The default values for the model are 4 lanes, 1 new customer each minute, up to 25 items per cart, and each checkout server can process 10 items per minute. Rerun the simulation to determine the minimum number of lanes required for a stationary behavior. For this purpose, you may find it useful to extend the simulation from 60 minutes to a longer horizon.

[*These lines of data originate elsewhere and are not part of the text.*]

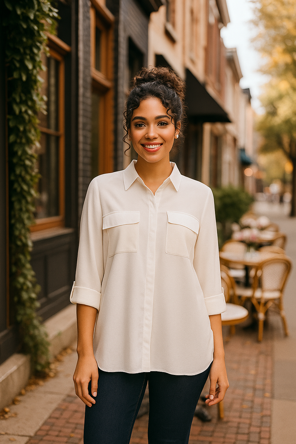 A relaxed boyfriend-fit blouse ensures all-day comfort, while the button-front closure, dual chest pocket, and roll-tab button cuffs add classic detailing.
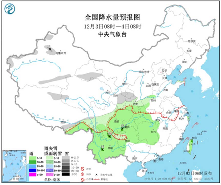 12月上旬,天气舞台主角主要是冷空气。预计今明两天(12月3日、4日),随着冷空气南下,中东部大范围区域气温将陆续“触底”,度过今年下半年来最冷清晨。降水方面,西南地区仍阴雨不断,而华南一带,降水稀少,气象干旱持续。
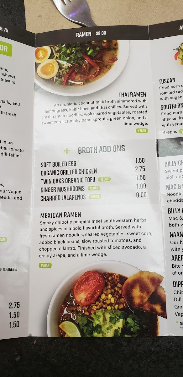 Smoky chipotle peppers meet southwestern herbs and spices in a bold flavorful broth. Served with authentic ramen noodles, wok seared vegetables, sweet corn, adobo black beans, slow roasted tomatoes, topped with our chipotle aioli, a lime wedge and chopped cilantro. (gf using rice noodles or quinoa base), (v)
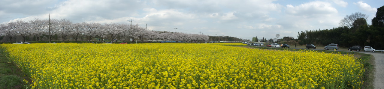 菜の花が一面に咲いており、桜と競演してすばらしい風景となっていました。
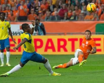 Jefferson Montero puso en ventaja a Ecuador en el minuto 8 y Robin Van Persie anotó el empate para los holandeses en el 36.
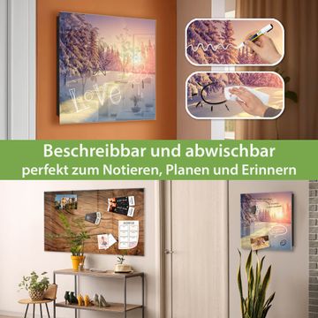 Bringe Ordnung und Eleganz in deinen Eingangsbereich mit dem banjado Schlüsselkasten Motiv Motiv Winterabend. Die moderne Schlüsselbox kombiniert funktionales Design mit hochwertiger Verarbeitung und wird so zu einem echten Hingucker in Flur, Büro oder Ferienwohnung. ✅ Stilvolle Schlüsselaufbewahrung mit Glasfront im Motiv Motiv Winterabend Der Design-Schlüsselkasten Motiv Motiv Winterabend bietet Platz für bis zu 50 Schlüssel, die auf 5 stabilen Reihen mit je 10 Haken übersichtlich verstaut werden. Mit seinen kompakten Maßen von 30 x 30 x 5 cm passt die Schlüsselbox perfekt auch in kleinere Räume. Der schwarz lackierte Stahlkorpus mit rechts angeschlagenem Türscharnier harmoniert mit der Glasfront und fügt sich nahtlos in jedes Wohnambiente ein. Ob als Schlüsselorganizer für Zuhause oder als praktische Lösung für Büros, Praxen und Gewerbe, der banjado Schlüsselkasten sorgt für Ordnung und Übersicht. Dank der magnetischen, mit Kreidestiften beschreibbaren Glasfront kannst du Notizen anheften oder Termine direkt auf der Oberfläche festhalten. Die Schlüsselbox Motiv Motiv Winterabend zur Wandmontage wird inklusive Befestigungsmaterial geliefert und ist schnell angebracht. So hast du deine Schlüssel jederzeit griffbereit und zugleich stilvoll verstaut. Mit diesem banjado Schlüsselkasten Motiv Motiv Winterabend kombinierst du praktische Aufbewahrung mit stilvollem Wohndesign. Ob privat oder geschäftlich, die Schlüsselbox sorgt für mehr Ordnung, Übersicht und ein wohnliches Ambiente.Vorteile im Überblick
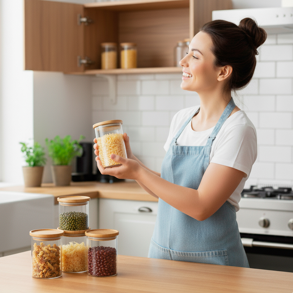 Kit 6 Potes Vidro Life Tampa Bambu Hermético Mantimentos
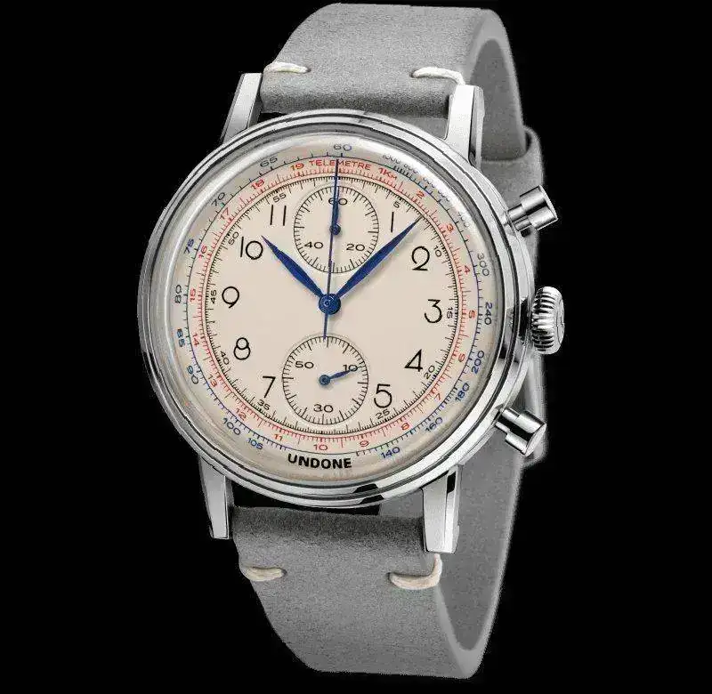Este reloj con los totalisatores a las 12 y a las seis simula el calibre VENUS 170.
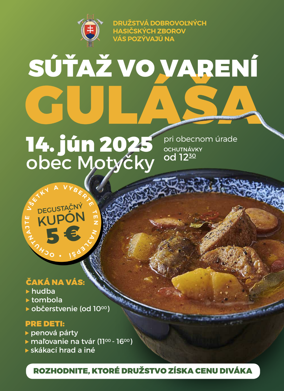DHZ Motyčky a Obec Motyčky pozýva všetkých priateľov na 0. ročník Súťaže vo varení gulášu DHZtiek,

Increasing the solution horizon to 600 minutes helps detect non-stationary behavior.
The number of checkout lanes is reduced by changing the value of N.
- N = 1 ==> non-stationary behavior evident in the increasing queue lengths
- N = 2 ==> stationary behavior

The conclusion is that at least 2 checkout lanes are required.

# time units = minutes

# number of checkout lanes
N = 2

# customer generator, assign to random checkout lane
def customer_generator(rate=1.0):
    customer_id = 1
    while True:
        yield env.timeout(random.expovariate(rate))
        n_cart_items = random.randint(1, 25)
        lane_number = random.randint(0, N-1)
        yield lanes[lane_number].put([customer_id, n_cart_items, env.now])
        customer_id += 1

# create a server for a specified check out lane
def checkout(lane, t_item = 1/10):
    while True:
        customer_id, n_cart_items, enter_time = yield lane.get()
        yield env.timeout(n_cart_items*t_item)
        customer_log.append([customer_id, n_cart_items, enter_time, env.now])
        
def lane_logger(t_sample=0.1):
    while True:
        lane_log.append([env.now] + [len(lane.items) for lane in lanes])
        yield env.timeout(t_sample)

# create simulation
lane_log = []
customer_log = []
env = simpy.Environment()

# checkout lanes modeled as SimPy Stores
lanes = [simpy.Store(env) for n in range(N)]

# create processes
env.process(customer_generator())
env.process(lane_logger())
for n in range(N):
    env.process(checkout(lanes[n]))

# run simulation
env.run(until=600)

# extract lane data
lane_df = pd.DataFrame(lane_log, columns = ["time"] + [f"lane {n}" for n in range(0, N)])
lane_df = lane_df.set_index("time")

customer_df = pd.DataFrame(customer_log, columns = ["customer id", "cart items", "enter", "leave"])
customer_df["elapsed"] = customer_df["leave"] - customer_df["enter"]

# plot results
fig, ax = plt.subplots(2, 1, figsize=(12, 5))
ax[0].plot(lane_df)
ax[0].set_xlabel("time / min")
ax[0].set_title("length of checkout lanes")
ax[0].legend(lane_df.columns)

ax[1].bar(customer_df["customer id"], customer_df["elapsed"])
ax[1].set_xlabel("customer id")
ax[1].set_ylabel("minutes")
ax[1].set_title("customer waiting time")
plt.tight_layout()

3.9.2 Solution 2.¶

Repeat the first exercise, but this time leave 4 lanes, and determine the maximum rate of customers that can be accommodated with stationary behavior.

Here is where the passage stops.